27.11.2019 - 07:50 | Son Güncellenme:
EKONOMİ SERVİSİ
Roubini, Türkiye Kalite Derneği (KalDer) ve TÜSİAD iş birliğiyle gerçekleştirilen 28. Kalite Kongresi’nde yaptığı konuşmada, dünya ekonomisinde en büyük riskin korumacılık politikaları olduğuna işaret ederek, ticaret, sermaye, iş ve emtiada kısıtlamalar olduğunu, mevcut teknoloji savaşlarının diğer ülkeleri de etkilediğini dile getirdi.
Türkiye’nin son 20 yıldır ekonomik büyümesinin ve ekonomik çeşitlenmesinin gayet iyi olduğunu ifade eden Roubini, “Finansal hizmetlerde ve endüstriyel açıdan gayet başarılıydı. Türkiye’nin hem Batı hem de Doğu ile iş yapabilmesi çok avantaj sağlıyor. Türkiye’nin nüfus artışı, doğru eğitim ve beceri kullanımıyla önemli bir ekonomi kaynağı olabilir” dedi.

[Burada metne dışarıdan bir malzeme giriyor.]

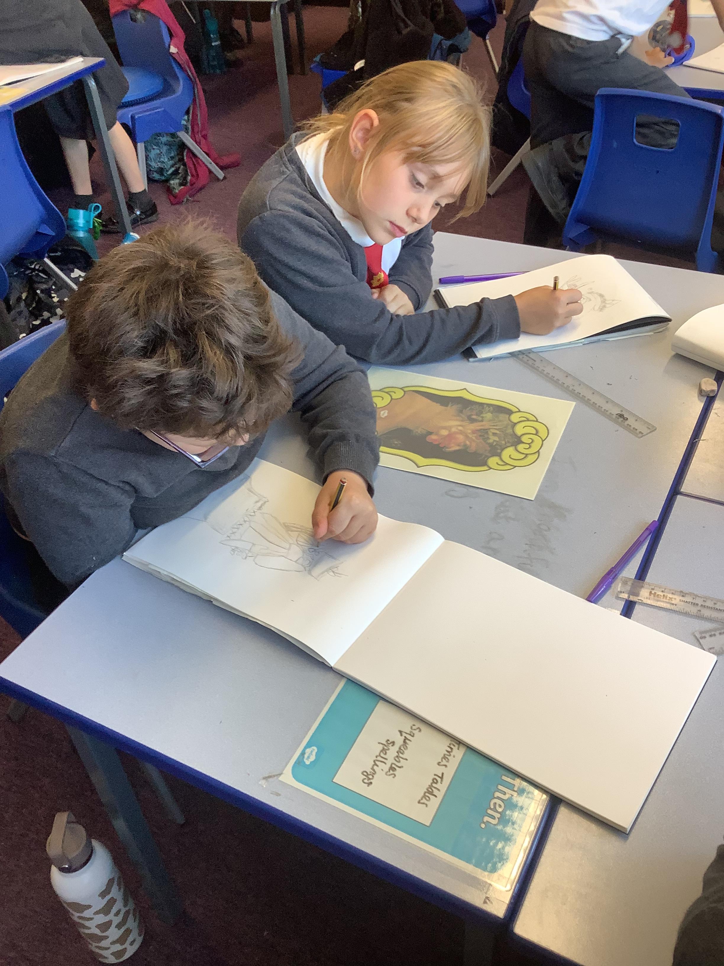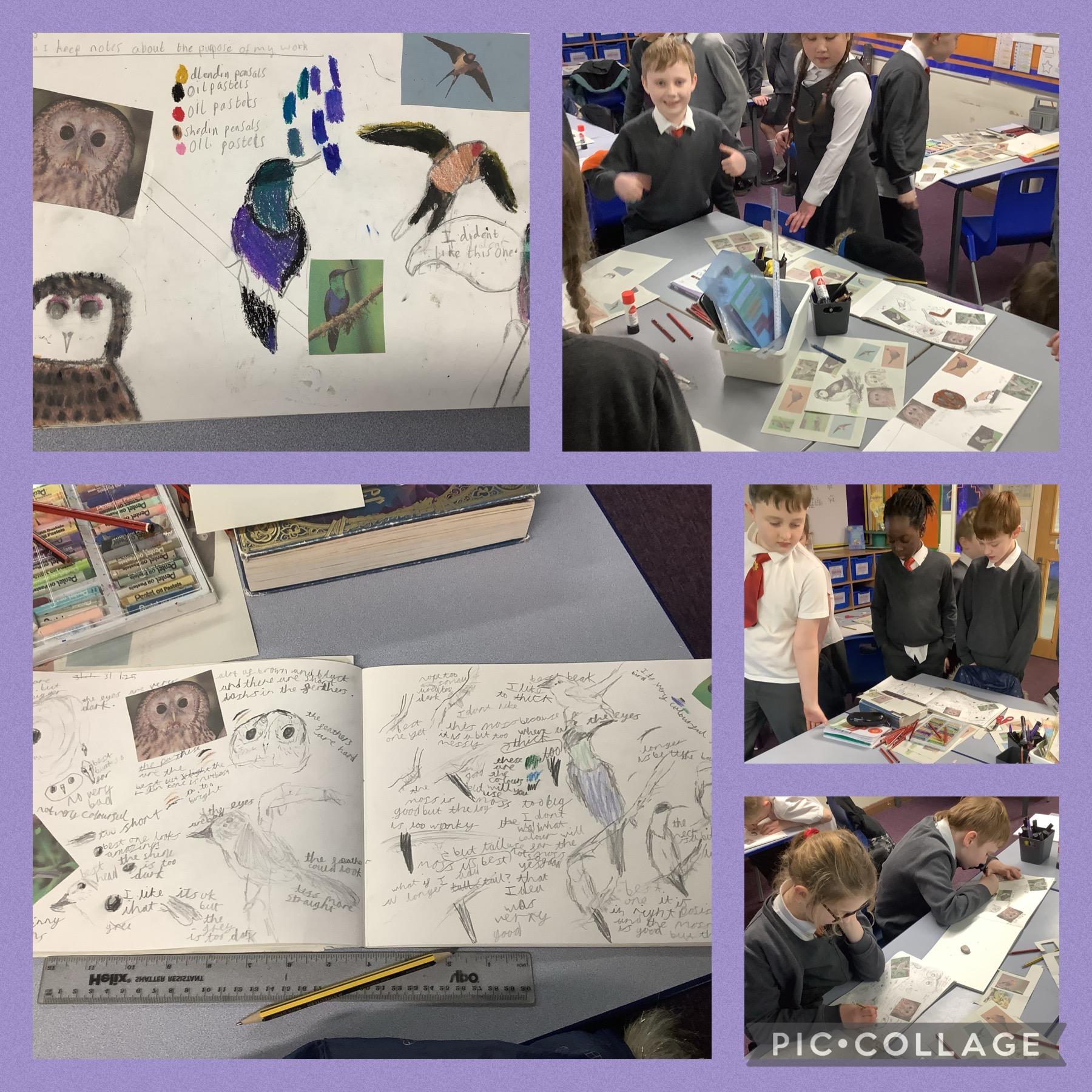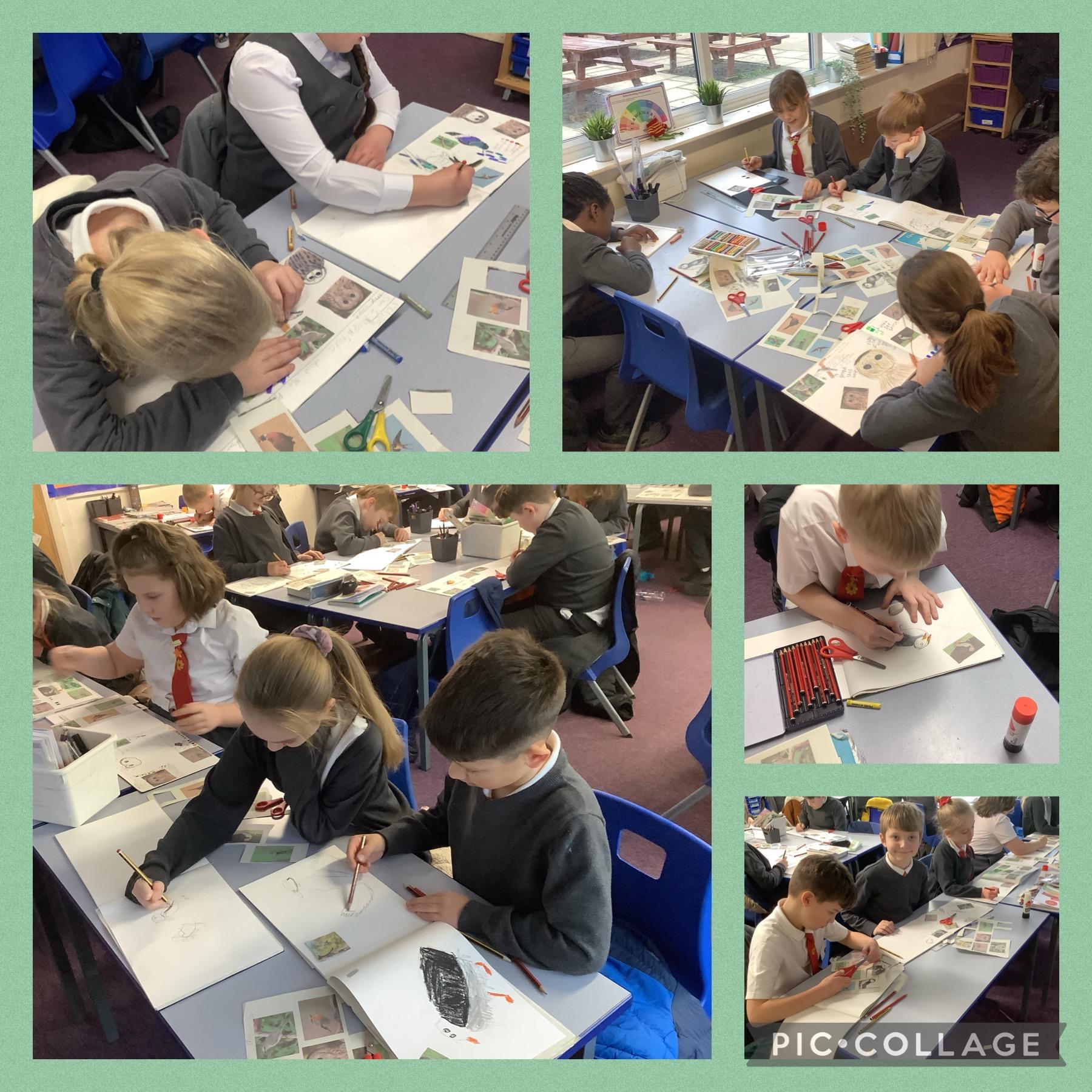 Year 4 developing their sketchbooks using a range of skills and mixed media as part of our Explore, What on earth is going on?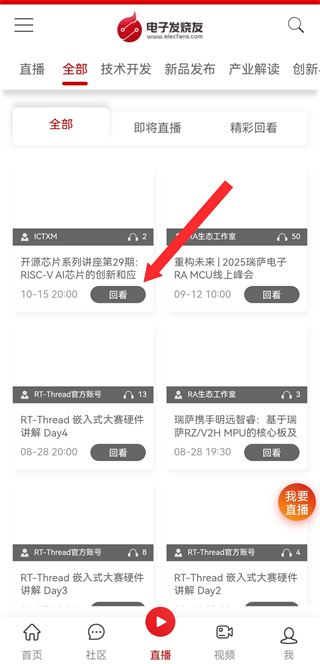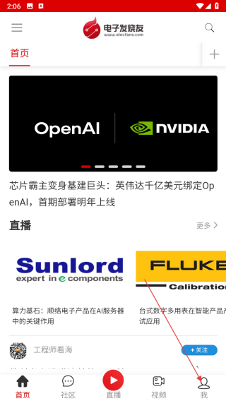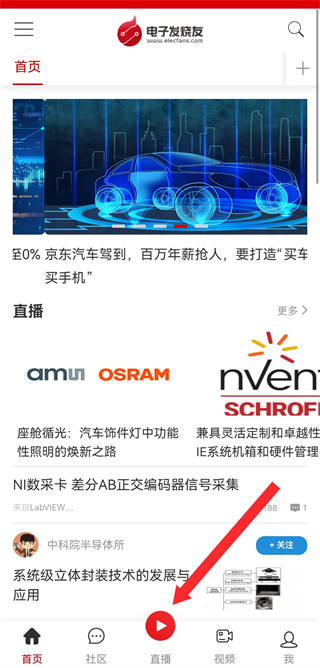 1、打開電子發(fā)燒友app,需要點擊底部直播,進入直播的頁面。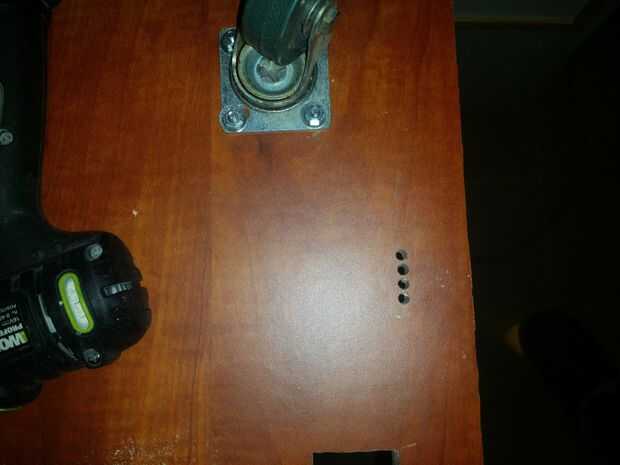 Mide el tamaño de las correas, 4 agujeros perforados, inserta la hoja de la sierra caladora y comenzó el corte
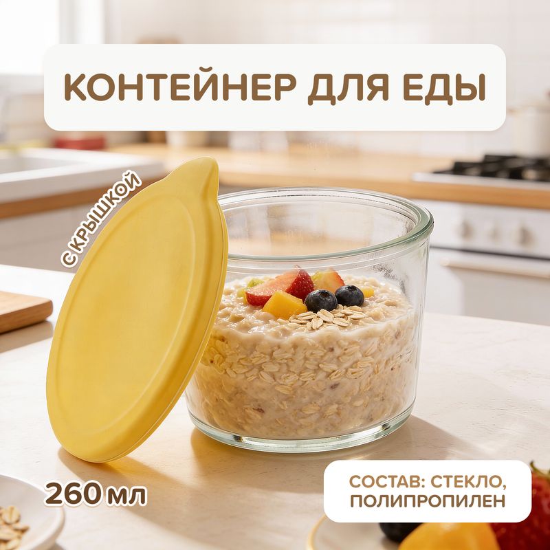 Контейнер для еды, O'Kitchen, удобен для хранения продуктов и готовых блюд. Оснащён крышкой. Выдерживает температуру от 0 °С до +90 °С. Объём: 260 мл. Состав: стекло, полипропилен. Товар представлен в ассортименте.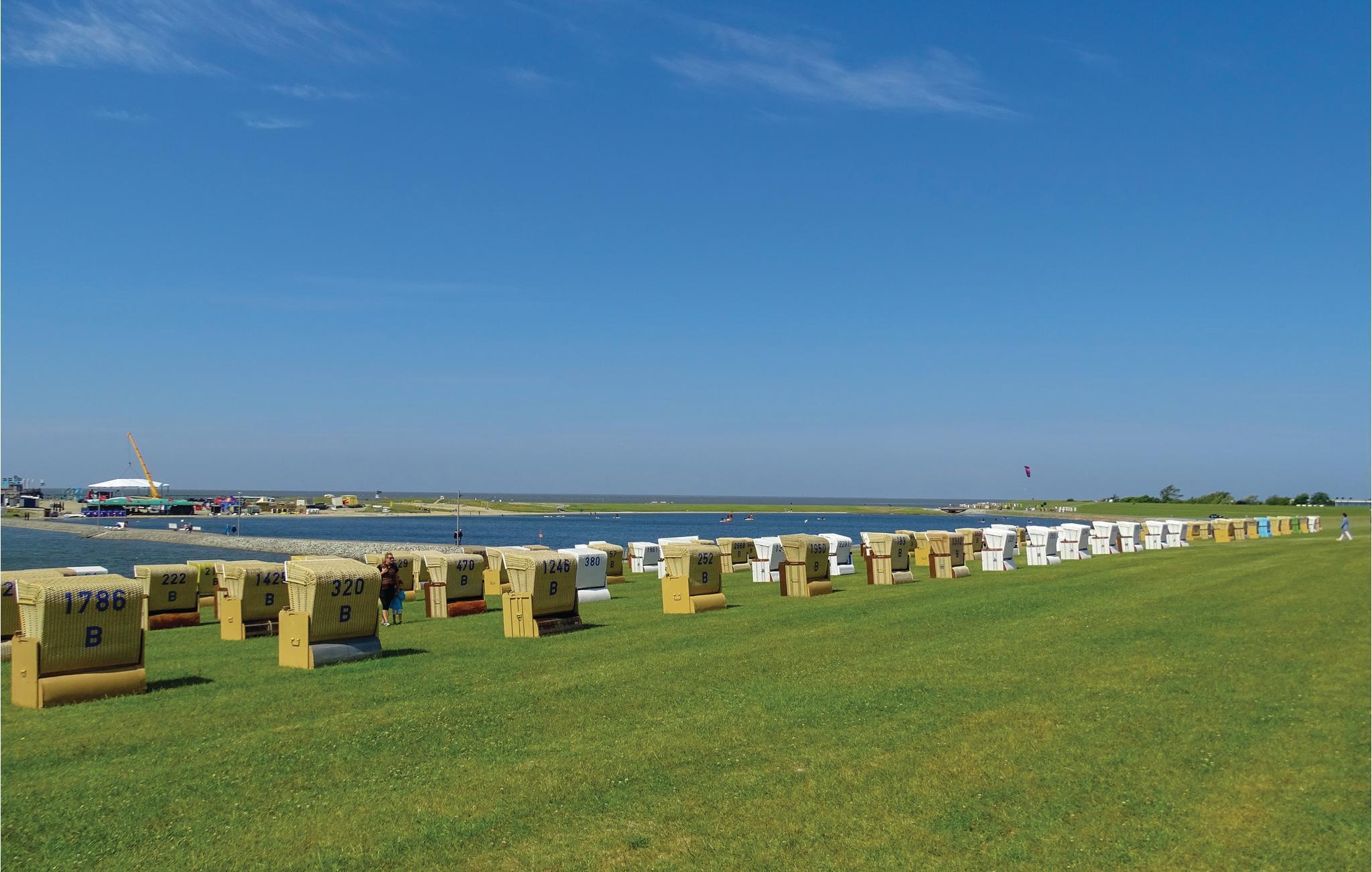 Moderne Ferienwohnung Strandläufer in Büsum-Warwerort mit Balkon und Deichblick, nahe Nordsee und Golfplatz.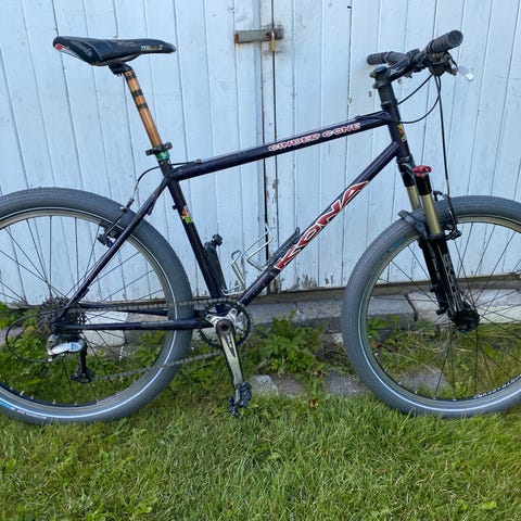 Kul bysykkel med singlespeed/fixie. Hjulet kan snus for ønsket effekt. Er veldig lite brukt, var opprinnelige blå når jeg fikk den men har endret farge til lilla i sola. Dette er en jålesykkel, egner seg ikke som langdistansemaskin men du finner ikke mange eksempler av denne hvis du vil ha noe unikt å sykle rundt med. Ramma er av stål, hjulene er hvite. Vanlige felg brems. Ville kanskje vurdert å bytte til bedre bremser/skru litt på de hvis du vil ha bedre bremser. Alt funker som det skal. Ringeklokke i messing og settedekker som henger under setet. Kjøpt fra f5 concept store for noen år siden.
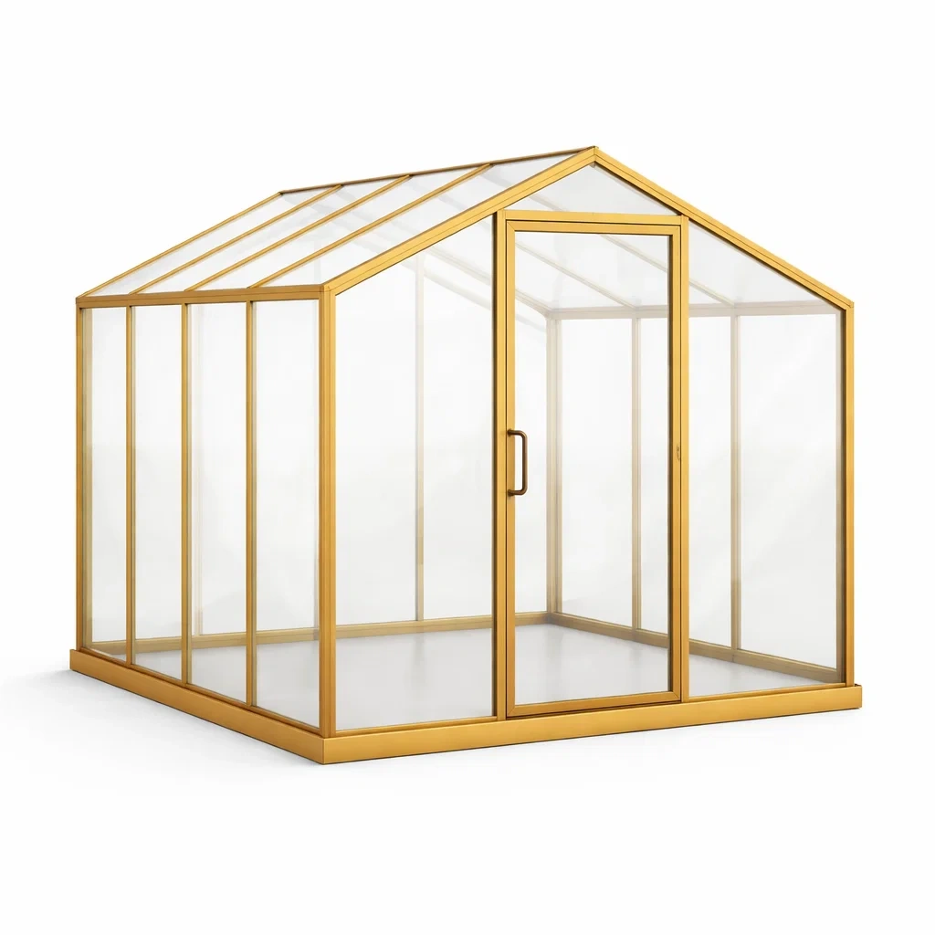 La serre est fabriquée avec un cadre en aluminium et des panneaux en polycarbonate, offrant une résistance robuste aux intempéries. Ses dimensions sont de 300 cm de longueur, 250 cm de largeur, et 200 cm de hauteur, couvrant une surface totale de 7.5 m². La structure présente une finition laquée dorée.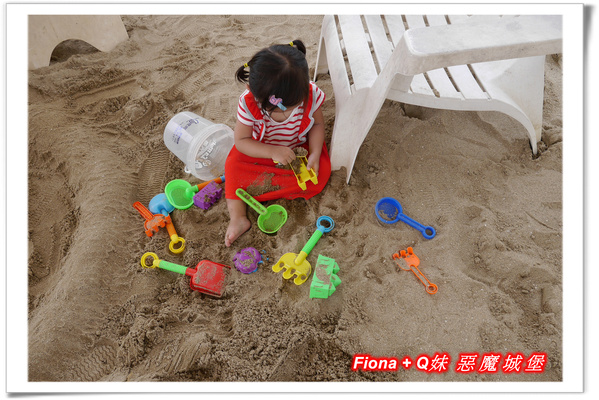 沙池裡還有可愛的小椅子給小朋友們坐,Q妹坐在上頭好像感覺挺好玩的樣子,呵呵 !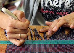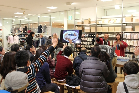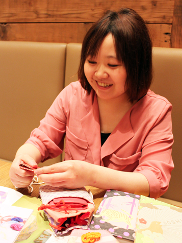 女性たちは自身が手掛けた刺し子の商品を持ち込みます。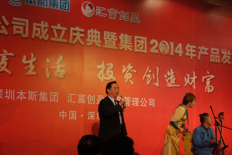 201311月29日,深圳市汇富创盈资产管理有限公司成立庆典暨本斯集团2014年产品发布会在深圳凯宾斯基酒店举行。1000多位嘉宾出席了庆典活动。IDG全球常务副总裁兼亚洲区总裁熊晓鸽、IDG创始人兼董事长麦戈文先生及太太、中央电视台原副台长张华山等重要嘉宾出席庆典并致辞。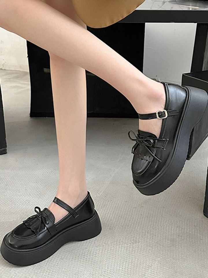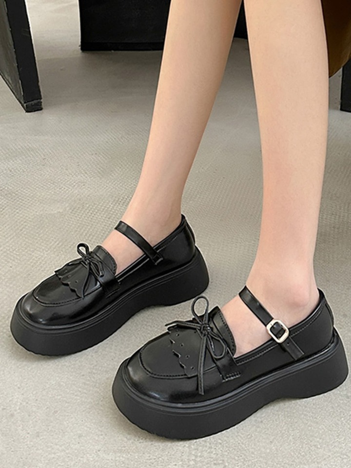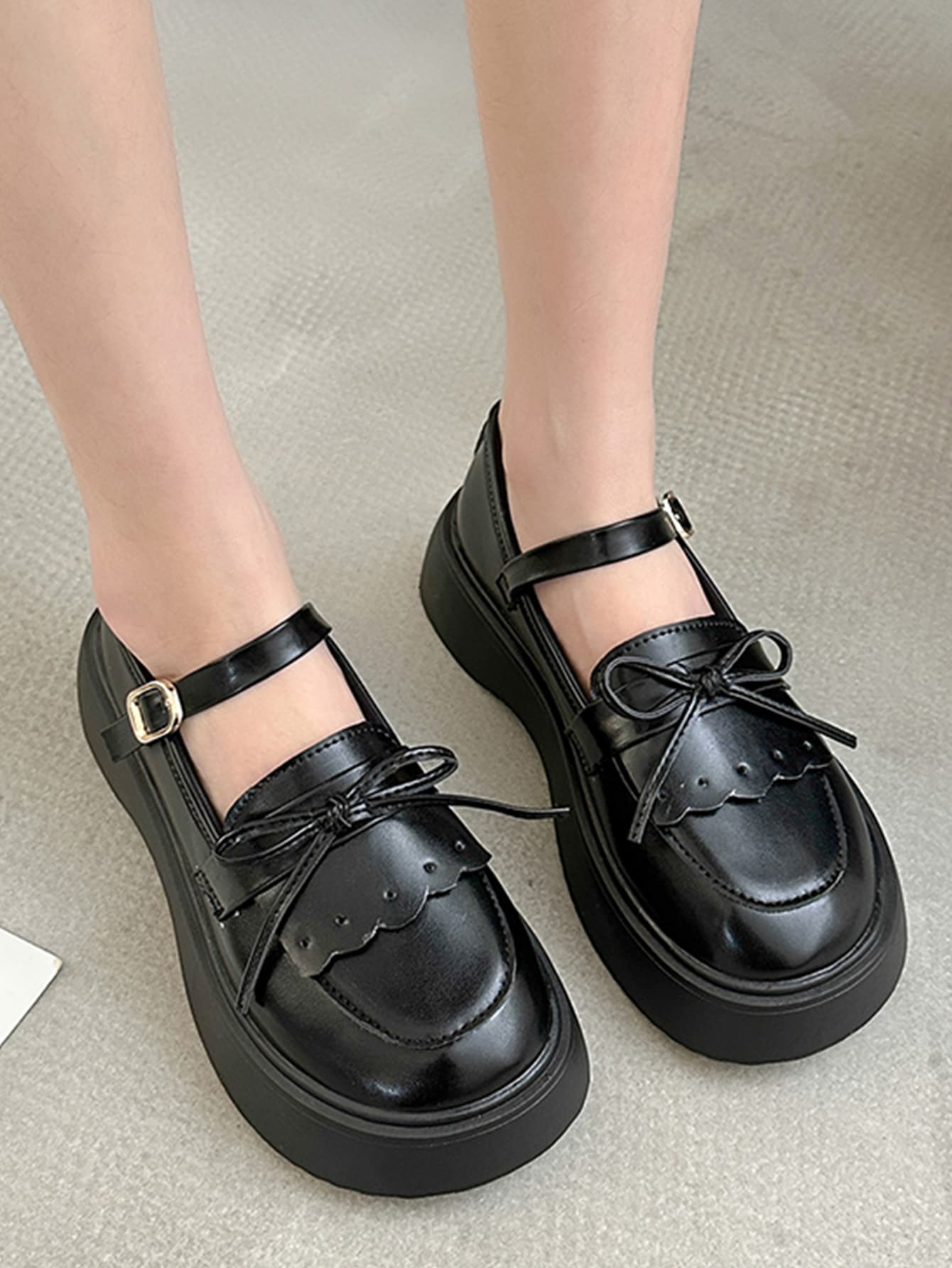 Women Bow Decor Mary Jane Shoes, Preppy Black Flatform Shoes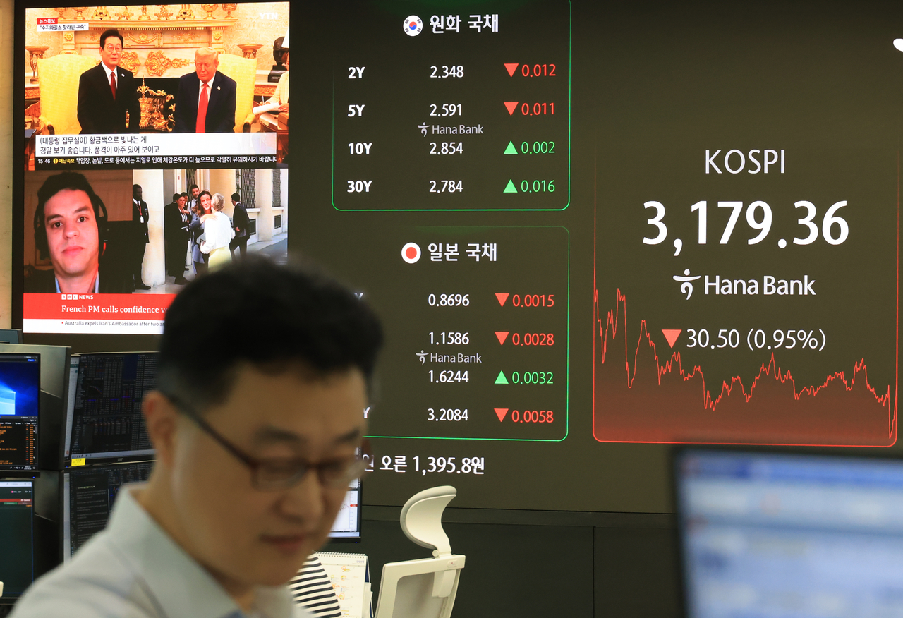 | 26일 서울 중구 하나은행 본점에서 직원들이 증시와 환율을 모니터하고 있다. 이날 코스피는 나흘 만에 하락 마감했다. 이재명 대통령과 도널드 트럼프 미국 대통령의 첫 정상회담이 성공적으로 마무리되는 호재가 있었으나 시장의 기대만큼 구체적 결과물이 나오지는 않은 까닭에 영향이 제한적이었던 것으로 보인다. 코스피는 전장보다 30.50포인트(0.95%) 내린 3179.36으로 거래를 마감했다. [연합] |

Türk ekonomisinde son dönemde kırılganlık başladığını ifade eden Roubini, “Türkiye’de 2015’ten bu yana reform yapma süreci yavaşladı. Kredi politikası ve gevşek politika sebebiyle enflasyonda artış oldu. Türkiye ekonomisinde makroekonomik kırılganlığın yanı sıra jeopolitik kırılganlıklar da etkili oldu. Para birimi değeri kayba uğradı. Bu durumdan hem bankacılık hem de özel sektör etkilendi” dedi.
Cari açık azalıyor
Roubini, Türkiye’de ekonominin bu yıl yükselişe geçtiğini belirterek, şunları kaydetti:
“Ekonomi daha istikrarlı hale geldi. Turizmin katkısıyla cari açığın azaldığını görüyoruz. Ekonomi iyileşmeye başladı ama bu iyileşme kırılgan ve suni. Türkiye’de parasal politikaların daha sıkı olması gerekiyor. Makroekonomik stabilizasyon anlamında bakacak olursak potansiyel bir büyüme için Türkiye’nin yapısal reformlara ihtiyacı var. Türkiye’de genç nüfusun istihdama katılması daha yüksek büyümesine katkı verecektir.”